In conclusion, feature flags meet the requirement of the Harvest Delivery team to have control over the rollout status of each microservice independently. If issues arise from a new microservice, then feature flags enable the microservice to be “switched off” in real-time, without the need for redeployment. This allows Harvest Delivery to minimize any user disruption during the architectural changes, which reduces revenue losses and reputation impact. Moreover, Harvest Delivery can rollout microservices to a specified percentage of users, enabling analytics on the new service to be collected.

2.3 Feature Flags as a Solution

Harvest Delivery has decided to move forward with using feature flags to assist in their migration from a monolith to a microservices architecture. This section outlines how Harvest Delivery could integrate feature flags into their existing system.

2.3.1 Developing a Feature Flag Service In-house

Harvest Delivery could choose to develop its own feature flag service. One naive approach would be to maintain a simple feature flag rule set within their application code as a configuration file. However, this would require re-deployment any time the team wished to toggle a feature on or off, or update the rollout percentage. Ultimately, this would negate the benefit of using feature flags.

A more robust solution would be for the Harvest Delivery engineering team to build a true feature flag management system that would allow flags to be updated and dynamically evaluated without re-deploying any code. However, this would require engineering hours to build, test, and maintain the service. Harvest Delivery is a small team without excess engineering resources to devote to such a project. Additionally, the CTO prefers to move quickly into the transition to microservices, rather than waiting for an additional tool to be developed. A third-party solution that will work out-of-the-box is a better fit for the small, fast-moving team.

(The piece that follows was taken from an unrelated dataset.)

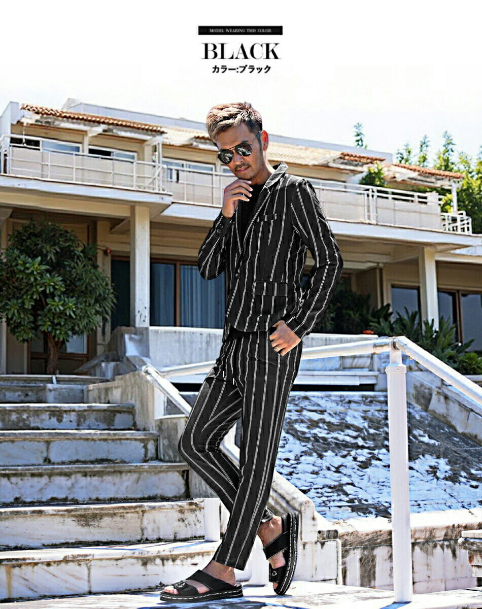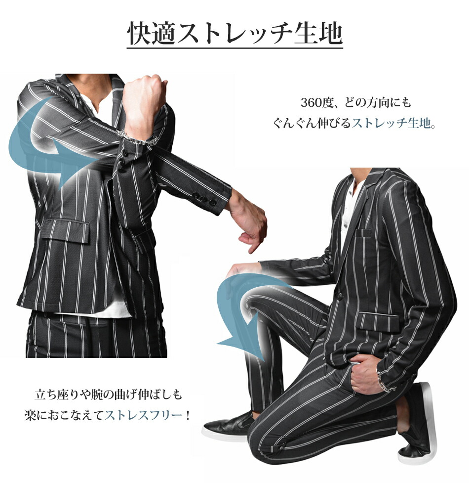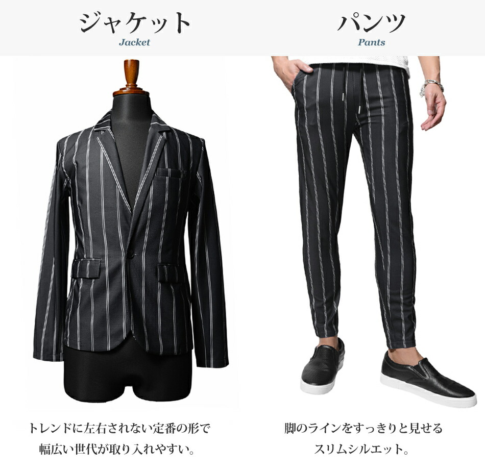 セットアップ メンズ カジュアル スーツ メンズスーツ ストレッチ ストライプスーツ スリム 細身 スキニー 美脚 ネイビー 黒 白 ジャケット おしゃれ お洒落 オシャレ カジュアル テーラードジャケット 伸縮 成人式 二次会 卒業式 1万円台 きれいめ スラックス イージーパンツ 上 下 M L LL XL ユニセックス レディース 男性 男 服 春 夏 秋 メンズファッション 20代 30代 40代 50代 60代 オフィスカジュアル 結婚式 パーティー 父の日 プレゼント
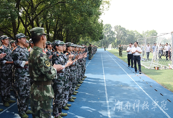 陈弘还特别关心了在场外因身体不适无法参训的同学。现阶段天气较炎热,陈弘叮嘱大家要注意防暑降温,军训间隙多补充水分。一定要在保证自己身体的前提下,顺利完成军训任务。

2.3.2 Existing Third-Party Solutions

Harvest Delivery requires an easy-to-use solution for their fast-moving team. The existing third-party solutions are evaluated below.

  • Launch Darkly

    LaunchDarkly is an enterprise-level feature management service. It’s a feature-rich, hosted service that includes a wide variety of features. However, because it is proprietary software, it comes at a monetary cost. For Harvest Delivery, LaunchDarkly’s plethora of features is beyond their needs.

  • Cloud Bees

    CloudBees is another hosted service with proprietary software. It provides end-to-end DevOps features, which may be a great fit for larger teams with a focus on DevOps. Unfortunately, Harvest Delivery is a small team and is not concerned with the wide variety of DevOps tools CloudBees provides.

  • FeatureHub

    FeatureHub is an open-source, self-hosted service. Because it is open-source, it can be customized to fit the unique needs of the team. FeatureHub focuses on feature flags for both client-side and server-side features. It offers an array of different flag types, along with complex logic allowing for organizations, users, and a variety of feature sets; the robust features and permissions management make it less accessible for a small team like Harvest Delivery.

  • 2.3.3 Thoughts on Existing Third-Party Solutions

    Enterprise solutions have a large array of financially costly DevOps services that may strain a small, regional organization like Harvest Delivery. Existing open-source solutions are complicated by focusing on client-side features evaluated in the browser and a litany of complex features including user permissions and service accounts. A small business like Harvest Delivery doesn’t need the extra expenses of an enterprise service or the unnecessary complexity that other offerings entail.

3. Introducing Pioneer

The limitations of the third-party solutions have led the Harvest Delivery team to pursue a new feature flag management system that fits their requirements perfectly: Pioneer.

3.1 What Is Pioneer?

Pioneer is an open-source, self-hosted feature flag management service that aids in the transition from a monolithic to microservices architecture. Feature flags can be used to roll out new services to all users, or an assigned percentage of users, and can easily be toggled on/off with a single click. These feature flags, and any updates made to them, are propagated to the client application in real-time, in an asynchronous and fault-tolerant manner.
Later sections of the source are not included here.